When Ashok Khanna speaks about Ananda, it’s never in the voice of a hotelier. There’s no talk of occupancy rates or seasonal margins. Instead, he threads through memory, philosophy, and a vision that was decades in the making. The son of legendary hotelier Rai Bahadur M.S. Oberoi, Khanna inherited an intuition for hospitality—but chose to channel it through a radically different lens. In creating Ananda in the Himalayas, he didn’t just build a destination. He crafted a modern sanctuary that’s redefined wellness travel in India—and beyond.

Khanna's path began not with Ayurveda oils or yoga sutras, but on the global stage. After working in the Oberoi Group for over two decades and opening marquee properties from Bali to Egypt, he could have continued a polished international career. But the whispers of something quieter, more essential, began to take hold. “People don’t just want to relax,” he’s often said. “They want to feel whole.” This wasn’t a marketing tagline. It was a pivot. One that would take him deep into the philosophical heart of India, not as an escape, but as a contemporary return. The Himalayas weren’t chosen for drama—they were chosen for resonance.

Ananda, which opened in 2001, was never intended to be another luxury spa. It was designed as an ashram in spirit, elevated with the precision of five-star service. This balancing act—between ancient and modern, sacred and sensorial—became the core of Khanna’s innovation. He brought in not only Ayurvedic doctors, Vedanta scholars, and expert yoga teachers, but also created integrative wellness programs that would later be emulated by global retreats from California to the Amalfi Coast. His work showed that true wellbeing doesn’t lie in extremes, but in alignment. That Ayurveda could be as relevant to a Silicon Valley entrepreneur as it is to a sannyasin.
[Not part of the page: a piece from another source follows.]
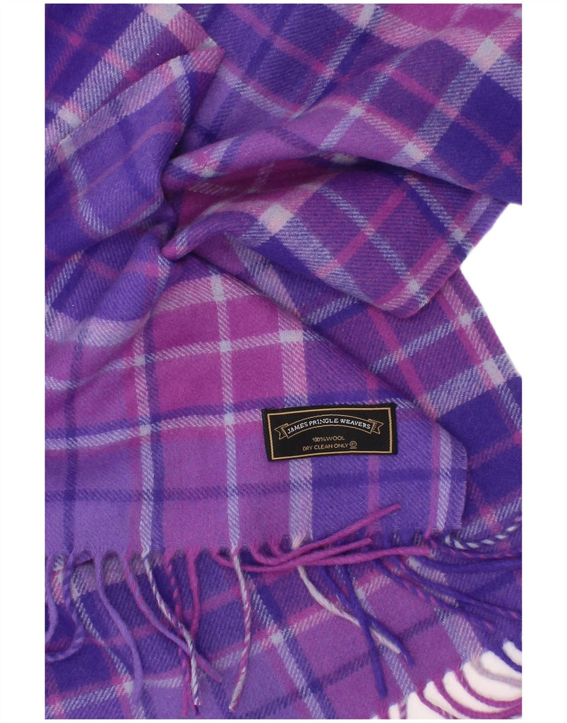 JAMES PRINGLE Womens Rectangle Scarf One Size Purple Plaid Wool Classic

What’s perhaps most compelling about Khanna is his restraint. Ananda is luxurious in experience, yes, but it’s devoid of flash. The spaces breathe. There is intentional quiet. Design choices—antique teak doors, muted palettes, open verandahs—speak less of indulgence and more of reverence. This is the fingerprint of a founder who has spent years studying not just wellness practices, but the psychology of restoration. Under Khanna’s direction, the property remains free from the performative gestures that often define the wellness industry. There is no push for immediacy here. Guests are invited, gently, into their own rhythm.

Khanna’s personal regimen mirrors Ananda’s ethos. He begins his day with meditation, and his engagement with Vedanta isn’t performative—it’s studious. He believes that intellectual understanding of spiritual principles is just as vital as the physical. “People come for detox or stress,” he says, “but they leave with something deeper—clarity, sometimes purpose.” This intentional layering of the Ananda experience, with its educational pillars of Vedanta, yoga, and Ayurveda, is Khanna’s true legacy. In his world, healing isn’t curated. It’s remembered.
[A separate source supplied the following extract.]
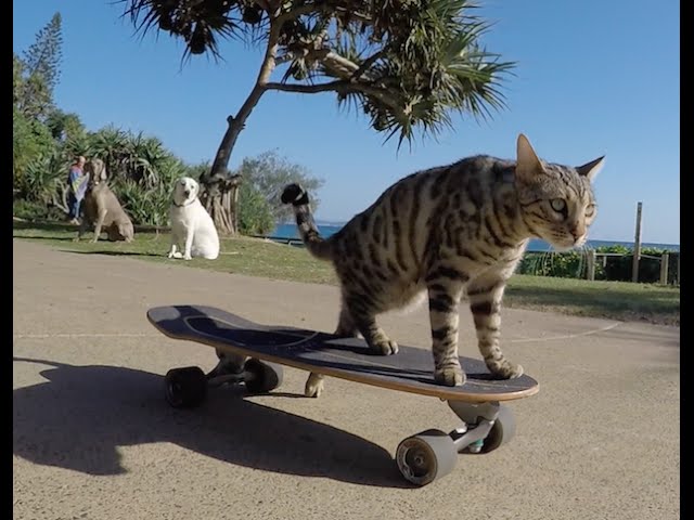 Aceasta pisica face doar skateboarding, dar, de asemenea, a învăţat cum să se împingă pe scândură. Antrenor animale Australian Robert Dollwet, a antrenat multi-talentat pisică de Bengal numit Boomer, pentru a utiliza un skateboard a face plimbari.

Twenty years on, Khanna remains deeply involved, though always from behind the curtain. He refuses the spotlight, allowing Ananda’s guests to shape their own stories. And perhaps that’s why the property remains so deeply relevant—it’s not about transformation through spectacle, but through stillness. Khanna’s vision was never to disrupt, but to recalibrate. Not to dazzle, but to guide.

In a world chasing wellness as a lifestyle trend, Ashok Khanna reminds us that the real work—the real art—is interior. That luxury, when deeply considered, can feel like silence. That the future of hospitality may lie not in newer, shinier experiences, but in the rediscovery of what we’ve always known.